Cluster | Timeseries 1 | Timeseries 2 | Log 1 | Log 2 | OLTP 1 |
---|---|---|---|---|---|
test-dc2l-2-s | 100% | 100% | 100% | 100% | 100% |
test-dc2l-4-s | 215% | 195% | 180% | 127% | 121% |
test-dc2l-7-s | 368% | 315% | 282% | 127% | 124% |
test-ra3-1-s | 159% | 157% | 157% | 173% | 205% |
test-ra3-2-s | 247% | 231% | 216% | 175% | 141% |
test-ra3-4-s | 514% | 436% | 381% | 195% | 141% |
test-ra3-cs-1-s | 156% | 155% | 157% | 177% | 195% |
test-ra3-cs-2-s | 239% | 228% | 214% | 168% | 146% |
I am most interested in the closest head-to-head comparison, test-dc2l-4-s
and test-ra3-1-s
.
Right out of the gate, we see that the ra3.xplus node cluster is slower than the dc2.large node cluster for the larger datasets by about 25-15%. The larger the dataset size, the worse the ra3.xplus nodes perform compared to the DC2 nodes.
On the other hand, the smaller data sets load faster — almost 40% faster for Log 2 and 70% faster for OLTP 1.

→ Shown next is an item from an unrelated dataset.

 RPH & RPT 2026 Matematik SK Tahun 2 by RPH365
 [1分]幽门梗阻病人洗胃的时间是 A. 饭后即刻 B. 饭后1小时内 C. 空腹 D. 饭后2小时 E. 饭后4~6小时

The other thing to note is that the concurrency scaling was a wash. I tweaked the CS configuration multiple times and it never made a difference. It has never kicked in for these tests, no matter how much I tried to force it on.

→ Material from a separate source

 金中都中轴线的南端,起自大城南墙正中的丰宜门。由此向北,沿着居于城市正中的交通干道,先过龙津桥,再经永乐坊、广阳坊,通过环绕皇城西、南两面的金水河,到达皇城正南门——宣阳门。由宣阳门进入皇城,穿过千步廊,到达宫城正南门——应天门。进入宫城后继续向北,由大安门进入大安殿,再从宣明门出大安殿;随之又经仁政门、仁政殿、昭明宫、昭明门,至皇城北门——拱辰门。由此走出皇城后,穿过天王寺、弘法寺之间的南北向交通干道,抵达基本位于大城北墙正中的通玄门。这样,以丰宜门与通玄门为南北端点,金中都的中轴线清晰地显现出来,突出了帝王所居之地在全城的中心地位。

OK, we know the price of each cluster, so let’s divide the normalized query times by the cost of the cluster to get a cost-to-performance ratio. Once again, I will use test-dc2l-2-s
as the baseline ($365 / month = 1 “unit”).
Dataset values are given in units of performance per unit of cost, higher is better.

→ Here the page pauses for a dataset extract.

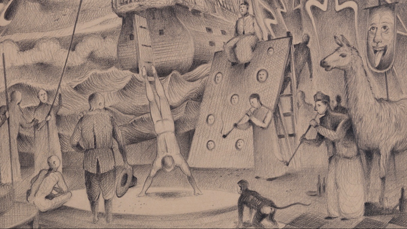 De wereld van Rens Krikhaar bestaat uit een archipel met vele eilanden. In een schemergebied zonder regels komen reuzen, processies, grijnzende maskers en hallucinante taferelen voor. Centraal in zijn werk staat de confrontatie met onze eigen nietigheid. In de wereld die hij oproept wil hij onze tragedie blootleggen: de oerkracht van de natuur die uiteindelijk altijd wint. Overgeleverd aan een dromerige en soms beangstigende wereld vol natuurgeweld en irreële elementen, schildert, tekent en schetst Krikhaar in dramatische licht-donkercontrasten een almaar groeiend ‘Terra Incognita’ waaraan de mens overgeleverd lijkt te zijn.

table | Cost | Timeseries 1 | Timeseries 2 | Log 1 | Log 2 | OLTP 1 |
---|---|---|---|---|---|---|
test-dc2l-2-s | 1 | 1.00 | 1.00 | 1.00 | 1.00 | 1.00 |
test-dc2l-4-s | 2 | 1.08 | 0.97 | 0.90 | 0.63 | 0.60 |
test-dc2l-7-s | 3.5 | 1.05 | 0.90 | 0.81 | 0.36 | 0.35 |
test-ra3-1-s | 2.172 | 0.73 | 0.72 | 0.72 | 0.80 | 0.94 |
test-ra3-2-s | 4.344 | 0.57 | 0.53 | 0.50 | 0.40 | 0.33 |
test-ra3-4-s | 8.688 | 0.59 | 0.50 | 0.44 | 0.22 | 0.16 |
test-ra3-cs-1-s | 2.172 | 0.72 | 0.71 | 0.72 | 0.82 | 0.90 |
test-ra3-cs-2-s | 4.344 | 0.55 | 0.52 | 0.49 | 0.39 | 0.34 |
Finally, just our head-to-head comparison normalized against test-dc2l-4-s. Performance per unit of cost, higher is better.
table | Cost | Timeseries 1 | Timeseries 2 | Log 1 | Log 2 | OLTP 1 |
---|---|---|---|---|---|---|
test-dc2l-4-s | 1 | 1 | 1 | 1 | 1 | 1 |
test-ra3-1-s | 1.09 | 0.68 | 0.74 | 0.80 | 1.26 | 1.57 |
Again, for the larger datasets, the ra3.xplus nodes are between 30%-20% less cost-effective than the dc2.large nodes. But for the smaller datasets, the ra3.xplus nodes are between 20%-60% more cost-effective than the dc2.large nodes.
This is a mixed bag. It kind of makes sense, though? The ra3 family having relatively half the IO performance per cost unit really hurts it for loading larger datasets.
Another interesting thing to note is that the cost-to-performance ratio levels out as we go from RA 1 node/2 nodes/4 nodes. This signals that there is acceptable scaling in the ra3 family for larger datasets: you can throw more nodes at the problem and get a linearish increase in performance.
Summary
On a (1) ETL-loading, (2) cost-to-performance basis, (3) and when compared to dc2, ra3 nodes are about 25% worse for large datasets and 20-60% better for small datasets. My guess is that significantly reduced IO performance is the main reason for the ra3 nodes’ poor performance.
One of the ways to work around this is to cut your large nightly ETL jobs into smaller chunks that run throughout the day.
Do You Even Have a Choice?
It’s clear that AWS wants to push ra3 nodes as the future of Redshift. They have a lot of features that are only available on ra3 nodes, such as Aurora Zero ETL. Additionally, they removed the ability to buy Reserved Instances for dc2 nodes in February 2024 (and did not announce it…). Regardless of the performance, you might be forced to switch to ra3 nodes in the future.
If you were previously sitting on a lot of data on dc2 nodes, you have two options:
- Stay on dc2 nodes and pay the on-demand price, which is about 30% more expensive than the no-longer-available Reserved Instance price.
- Switch to ra3 nodes and get about 30% less performance for the same price. Add 30% more compute cost to compensate.
Either way, you’re going to be paying more for the same performance. This is a hidden tax.